Lecture 17: Blockchain Security
Instructor: Yu Feng, UCSB
CS190: Blockchain Programming and Applications
Lecture 17 — This lecture note covers critical security paradigms in DeFi, focusing on the adversarial nature of the mempool, historical exploits like The DAO and Curve Finance, and the shift from low-level bugs to complex economic vulnerabilities.
Smart Contract Security: The Immutable Adversarial Environment
Unlike traditional software, bugs in Decentralized Finance (DeFi) can lead to immediate, permanent, and complete financial loss. The blockchain environment is relentlessly adversarial.
Irreversible Losses
DeFi bugs result in immediate, permanent financial loss with no undo.
"Dark Forest" Mempool
Automated bots constantly scan transactions for exploitable errors.
Historic Exploits
Lessons from The DAO (2016) and Curve Finance (2023) breaches.

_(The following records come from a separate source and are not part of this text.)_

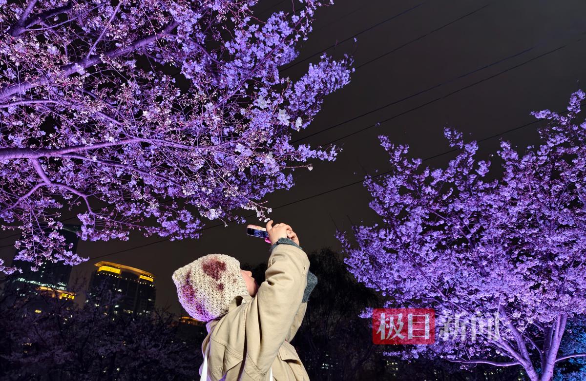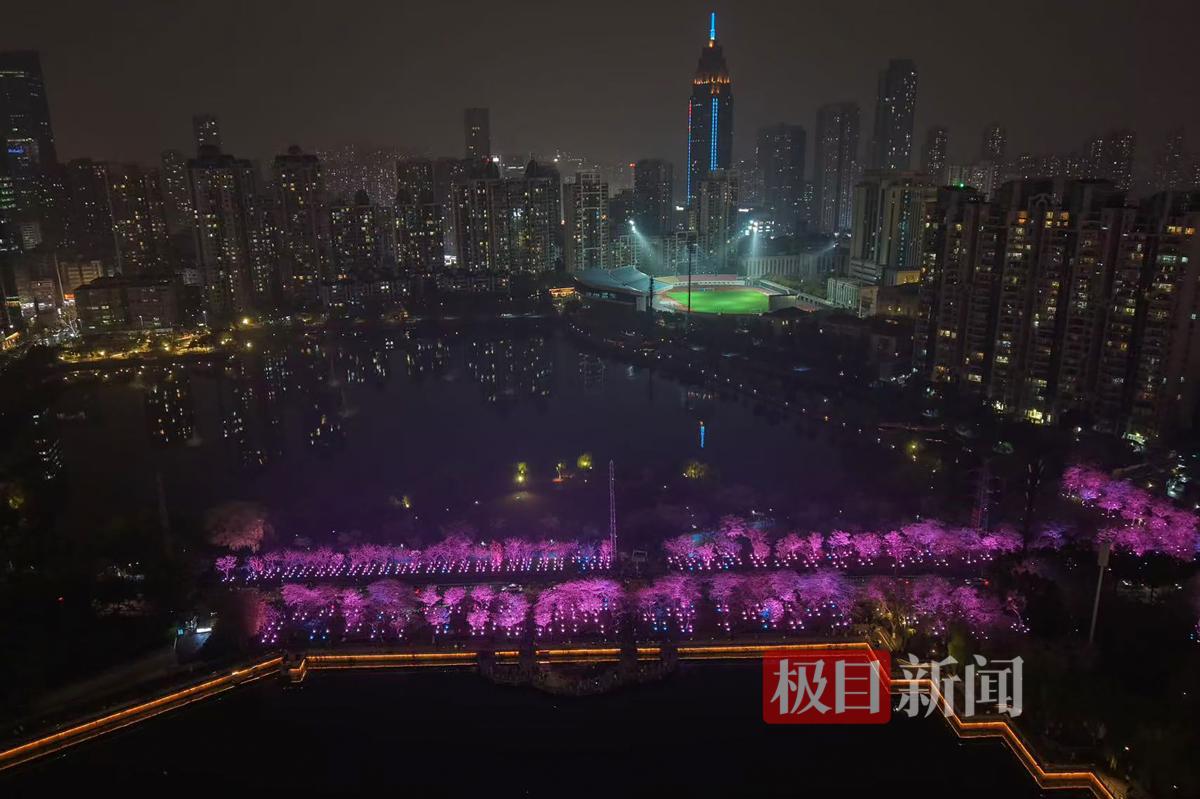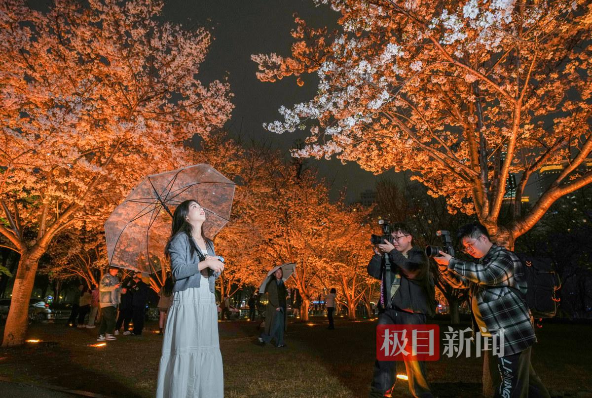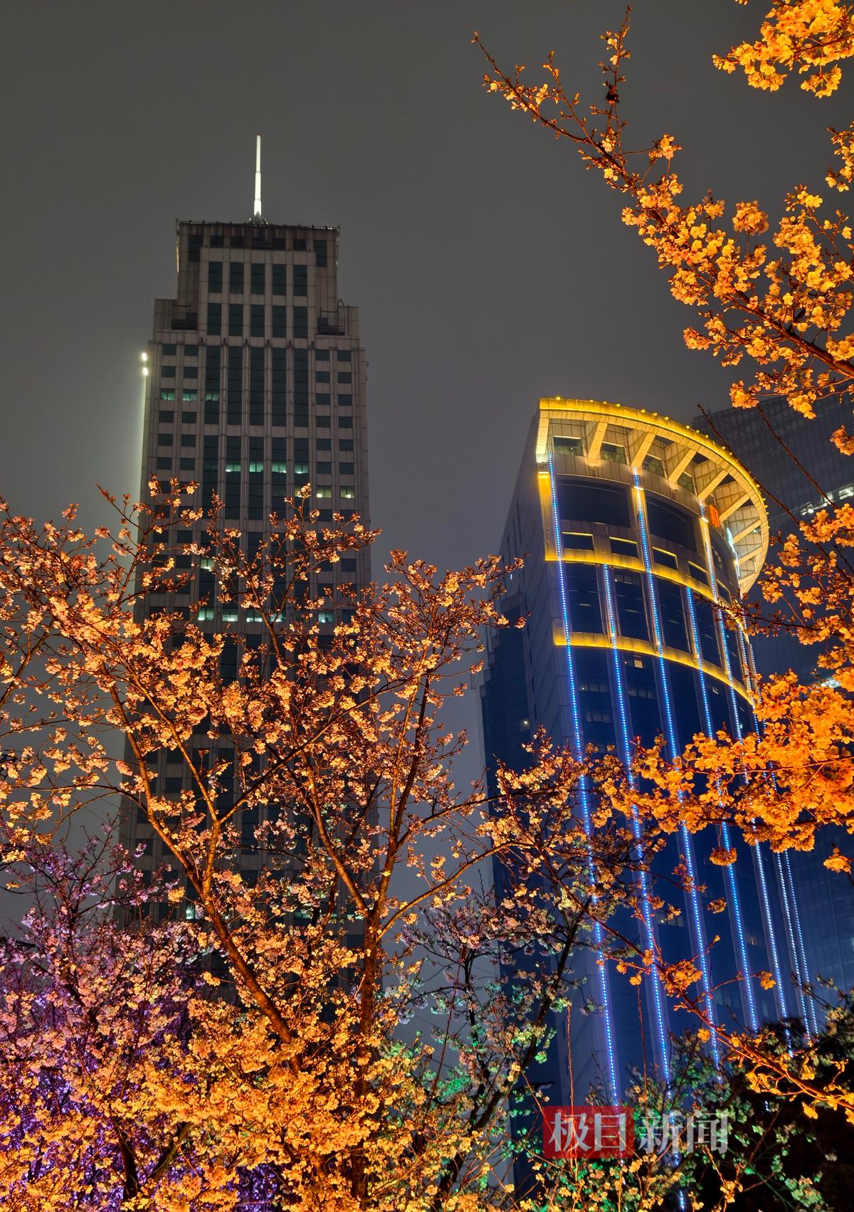 3月23日晚,极目新闻记者现场看到,园内的樱花大道流光溢彩,变换的景观灯将一株株花枝繁茂的樱花树点亮,花瓣在变换的光影中显得分外妖娆,众多游客在花林间流连忘返,用镜头定格下梦幻般的夜樱与周边高楼幕墙流光相融的画面。
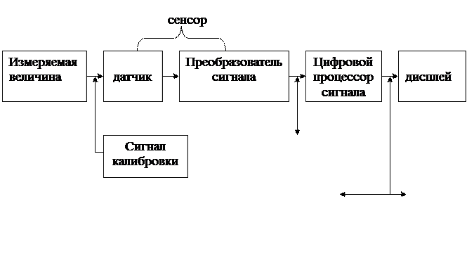 для увеличения амплитуды отводимых сигналов. Далее – приборы, предназначенные для обработки и регистрации полученной информации: цифровой процессор сигналов, дисплей, записывающее устройство. На рис.1 показана обобщённая измерительная система, применяемая для получения информации о состоянии организма с помощью сенсоров.
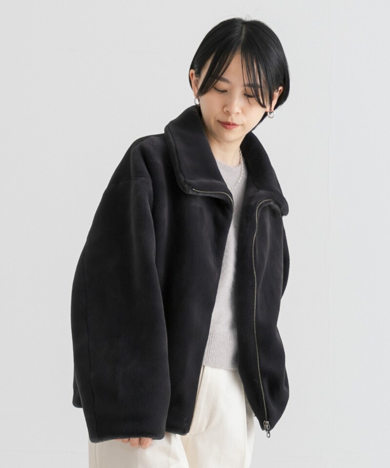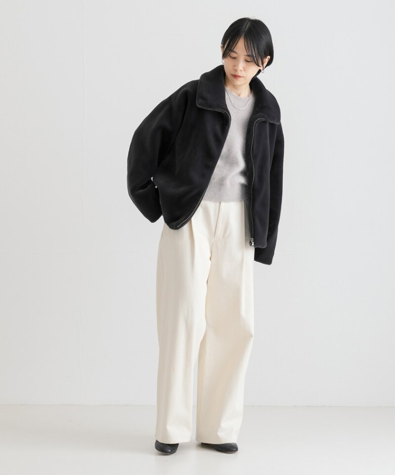 衿までジップを付けることで防寒性の高いスタンドカラーになり、ジップを開けるとシャツカラーのように抜け感のあるデザインにも変化します。

The Stakes of DeFi Security
The crypto ecosystem has witnessed cumulative losses exceeding $59 billion over five years, with DeFi protocols bearing significant losses through smart contract failures.
H1 2025 data reveals sharp escalation: approximately $2.17 billion stolen—already surpassing all of 2024's losses. While incident frequency varies, value per incident has risen dramatically.
Protocol logic vulnerabilities remain the most critical category, with smart contract exploits reaching over $263 million in H1 2025—the worst period since early 2023.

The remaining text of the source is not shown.